Exploring multi-deformation mechanism and control of arc thin-walled structures during supercritical CO2 assisted micro milling

Abstract

Titanium alloys are extensively utilized due to their exceptional corrosion resistance, high specific strength, temperature resilience, and biocompatibility. However, the challenges such as poor thermal conductivity, pronounced micro-machining size effects, and the sensitivity of micro-thin wall structures to residual stress complicate the machining of titanium alloy micro-thin walls. This paper investigates the use of supercritical CO₂ to assist in arc micro-thin wall milling experiments of titanium alloys, aiming to elucidate the influence of various process parameters on micro-milling performance.
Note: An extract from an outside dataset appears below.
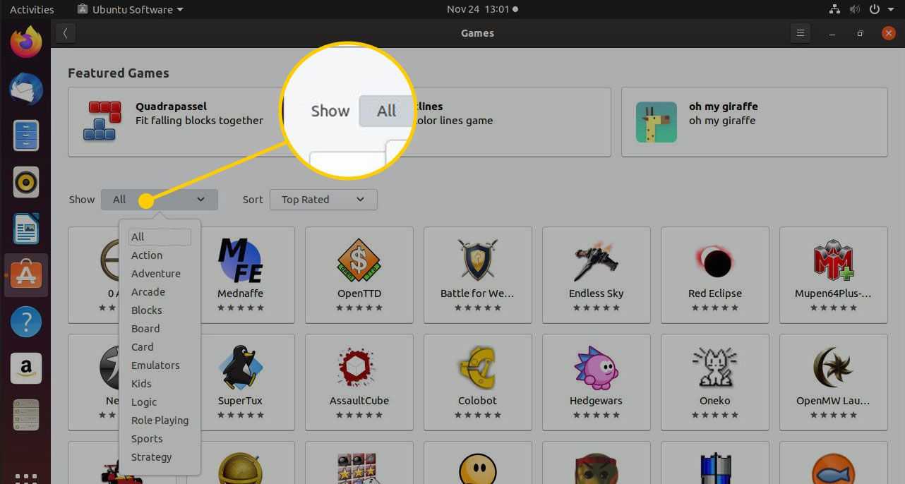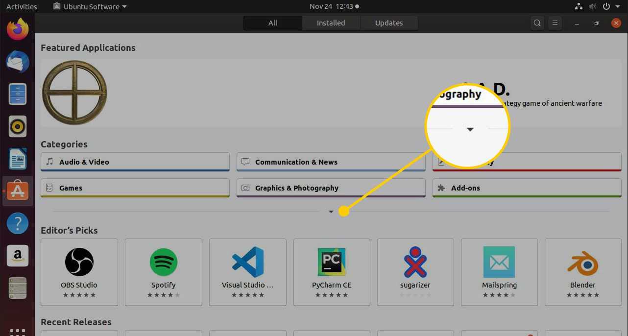 Если вы хотите увидеть, что доступно в репозиториях, разверните список категорий на вкладке Все программное обеспечение . Затем выберите стрелку раскрывающегося списка в центре экрана под списком популярных категорий. Список расширяется, чтобы показать полный набор доступных категорий.
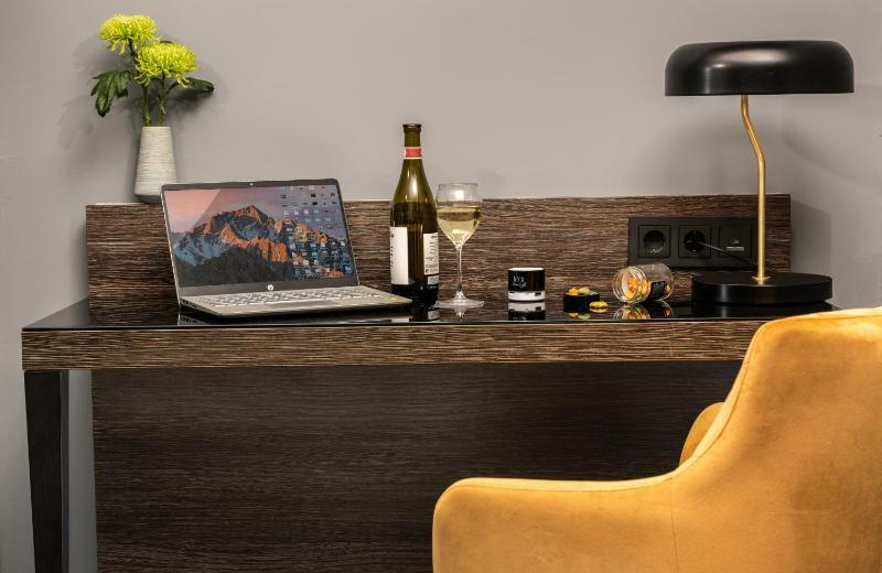 Complémentary flavored water, candies and snacks at the reception. Very quiet room. The district is quiet but has many stores, coffees, bars and restaurants.

The mesoscale prediction model developed in this study shows that the time-varying and static deflection deformations of micro-thin walls cooled by supercritical CO₂ are approximately half of those observed under dry cutting conditions. To compare and optimize micro-milling performance metrics, an RVEA-entropy weight TOPSIS optimization scheme was developed, and combined with several high-dimensional multi-objective optimization algorithms. Integrating this with micro-milling finite element model, an iterative optimization and reverification strategy was proposed. The optimized parameters combination achieved through this method reduced micro-milling force, top deformation, and side deformation by 32.5 %, 24.6 %, and 24.3 %, respectively. The research approach and optimization strategy presented in this paper offer valuable insights for enhancing the machining precision of mesoscale titanium alloy micro-thin-wall structures.